スピッツとの出会いは母の友人の車の中で聴いた小学生の冬だった。
当時、母が悪霊に取り憑かれて生活が窮して困っていたところ、母の友人の地元にお祓い士がいるということで、その冬、退魔すべく私と妹はそれに付き添ったのだった。どんな前提だ、と思われるかも知らんが、事実そうだったのでしょうがない。これはフィクションではないのだ。
軽自動車に揺られながら、九州のある地方をドライブしていた。 そこで流れていたのがスピッツのcycle hitsというベストアルバムであった。
小学生ながら、いいな、と思った。
拙者は「メモリーズ」という曲がお気に入りであった。
九州の冬はそれなりに寒くて、雪すらも降っていた。私の住む神奈川よりずっと寒かった。お祓い士のいた日本家屋には土佐犬がいて、車を止めると母に向かって激しく嘶(いなな)き、私たちは「こわや」と屋内へ逃げた。
お祓いについてはまたいずれ機会を改めて話すこととして、その時に聴いたスピッツが私の頭からしばらくずっと離れなかった。
スピッツにハマった曲が「メモリーズ」から、という人は少ないだろう。スピッツといえば「ロビンソン」とか「チェリー」とか「空も飛べるはず」とか、世間への露出が多い曲だ。そこからハマったのならわかるが、「メモリーズ」って。
この曲はスピッツの中でも異色の曲で、ラップ調になっており、歌詞もかなり意味不明だし、MVにいたっては理解不能、ややイロモノな感じがする。

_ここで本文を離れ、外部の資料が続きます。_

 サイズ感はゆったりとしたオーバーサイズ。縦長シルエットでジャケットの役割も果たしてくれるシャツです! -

でも、「メモリーズ」が私の琴線にふれたのだ。 だからこそ、だったのかもしれない。
サビでエイトビートの刻みが入り、ボーカルのマサムネの透き通った声が旋律を奏でる。軽自動車の揺らぎ。
高校生になり、バンドをはじめた。その時に、あの冬、九州の軽自動車の中で聴いたあの曲をもう一度聴きたいと思った。
しかし、私は曲名どころかバンド名も忘れていた。調べようにも歌詞すら覚えていない。
「〜〜〜ハラハラ〜〜……」こんだけしか覚えていない。漠然とメロディだけは覚えていたけど、まだスマホのなかった時代(あったけど持ってなかった)、シャザーンなどの音楽検索アプリも知らなかったから、調べようもなかった。

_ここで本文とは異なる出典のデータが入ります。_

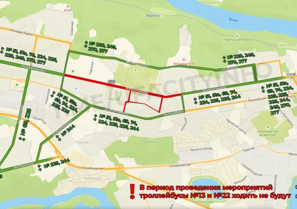7 мая в столице Башкирии пройдут проведут генеральную репетицию Парада Победы. По этому поводу на четыре с половиной часа ограничат движение на проспекте Октября и соседних улицах. С 17:00 до 21:30 для транспорта будут перекрыты проспект Октября от улицы Шафиева до Кольской; Южный проезд от проспекта Октября до Российской; Северный проезд от проспекта Октября до Российской; улица Новогорная от Южного до Северного проезда. – Выезды из дворов, расположенных в зоне действия перекрытий, будут заблокированы! – предупредили в мэрии. – Если во время перекрытий вы планируете поездки на личном транспорте – лучше припарковаться в другом месте Схема движения автобусов на это время изменится. Также не будут ездить троллейбусы № 13 и № 22. Кроме того, до 14 часов ограничено движение транспорта на улице Советской от улицы Заки Валиди до Тукаева. Это предпринято для обеспечения безопасности во время траурной церемонии прощания с депутатом Государственной Думы России, почётным гражданином Уфы и бывшем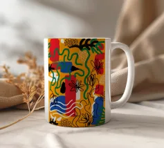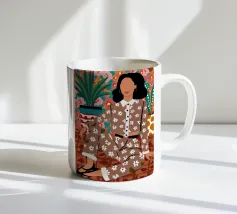 Un ritratto astratto moderno e minimalista creato con linee fluide e continue, che raffigura un volto dall'espressione dolce in una tavolozza di colori terrosi.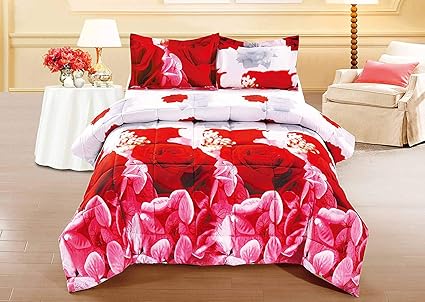 Girls Unique Red Rose Wedding Print Queen Cotton Comforter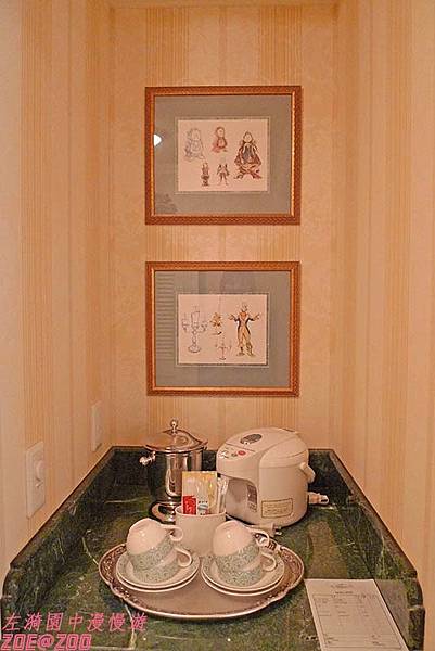 ↑茶水區。小小空間的牆壁上裝飾著美女與野獸中的故事人物草圖。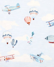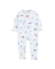 Made for little dreamers with their heads in the clouds, this sky-blue zip romper is perfect for everyday play or drifting off to sleep. Featuring an all-over print of vintage planes, hot air balloons, and whimsical aircraft, it brings a sense of adventure to your baby's wardrobe. The soft cotton elastane fabric ensures comfort and stretch, while the full-length zip makes for quick and easy changes-with a safety fold at the top to protect delicate skin. Fold-over mitten and foot cuffs offer added warmth and versatility as baby grows.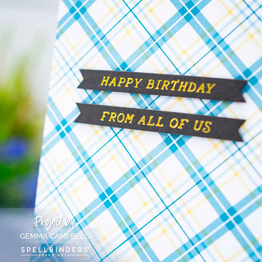 I chose some blue plaid patterned paper and adhered it to my U.K. A6 ivory card base. I then used foam tape to add two of the sentiment strips for a simple masculine birthday card.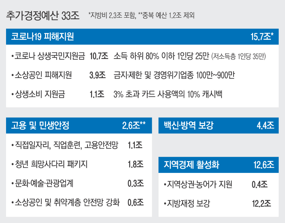 전제적인 코로나19 피해지원으로 33조를 추가경정예산으로 잡았습니다. 기준소득 하위 80%를 기준으로 코로나 상생 국민지원금을 1인당 25만원씩 (저소득층 1인당 35만원) 지급하며 소득 상위 20%를 기준으로 상생소비 지원금이라는 이름으로 신용카드 캐시백을 기준달에 비해 초과 사용한 금액만큼의 10% 캐시백을 지급한다고 합니다.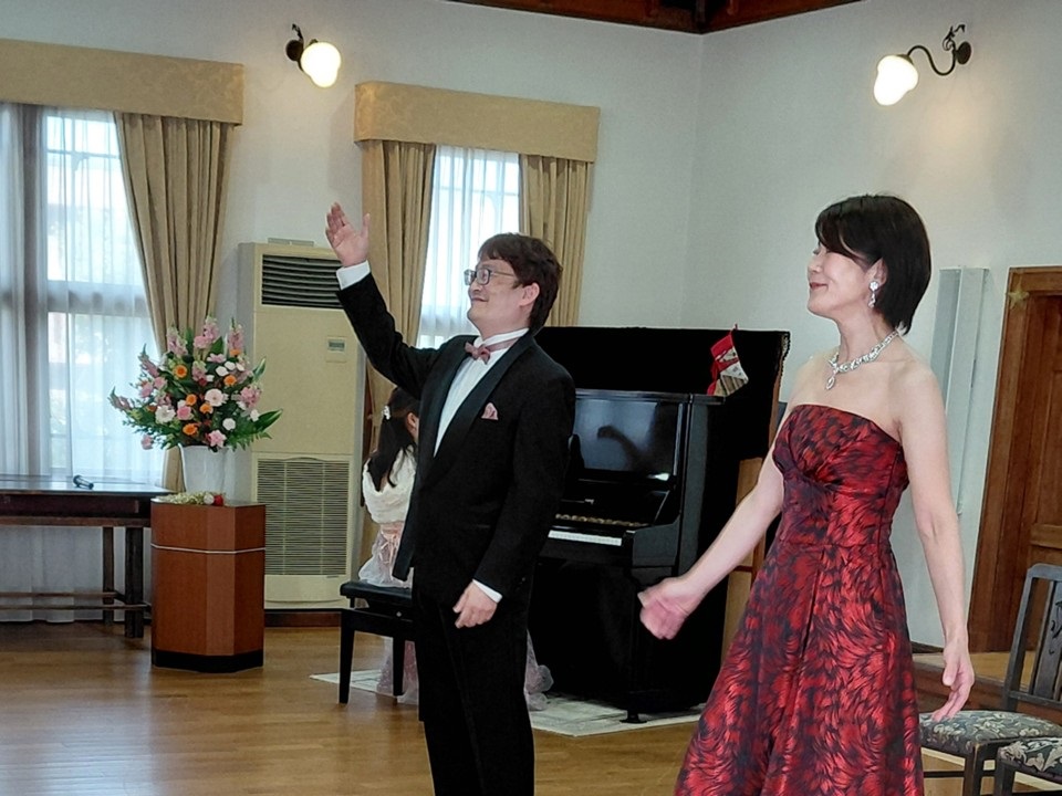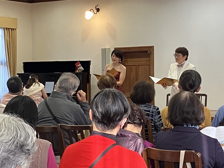 華やかなピアノソロから始まり、テノールソロ、アルトソロと続き、オペラの情景を思わせる重唱で第1部は締めくくられました。休憩の後、第2部は佐保塾コーラスの合唱から始まりました。コロナ禍で中断していた練習の再開が2023年の9月。そこからの練習の成果が発表されました。続いてシューマンのピアノ曲で優しい気分に。

軽音部の人に「ナントカカントカ〜〜ハラハラ〜〜みたいな曲知らない?」ときいても知ってるはずもなく。コンピュータで僅かな情報を頼りに調べるしかなく、なんども挫折した。
ああ、あの曲をもう一度でいいから聴きたい。
母と友人はなにか関係に亀裂があったようで、音信不通になっていた。大人の都合により、九州で得た年下の友だちや、温かい思い出が、めちゃくちゃに壊されてしまって、それ以来うちでは九州の思い出を語ることはない。心の海の底にひっそりとしまわれた思い出。
そんなある日のことだ。
YouTubeでドマイナーなバンドを発掘するのに勤しんでいたとき、たまたまスピッツのMVがオススメに入っていて、そういえばスピッツなんて聴いたことないなぁ有名だし聴いとこ、と動画を開いた(スピッツ、めちゃくちゃメジャーなのに、なんでオススメに入っていたのかわからない)。
それこそが、私が探していた「メモリーズ」だった。
肝心なときに役にも立たないヒマつぶしのストーリー
簡単で凄い効果は絶大 マッチ一本の灯り
不自然なくらいに幼稚で切ない 嘘半分のメモリーズ
ひっぱり出したらいつもカビ臭い 大丈夫かな?メモリーズ
カビ臭くて古ぼけたあの冬の思い出が蘇った。なにも役に立たない、あのフィクションみたいな冬の思い出が私の胸の奥でそっと光った。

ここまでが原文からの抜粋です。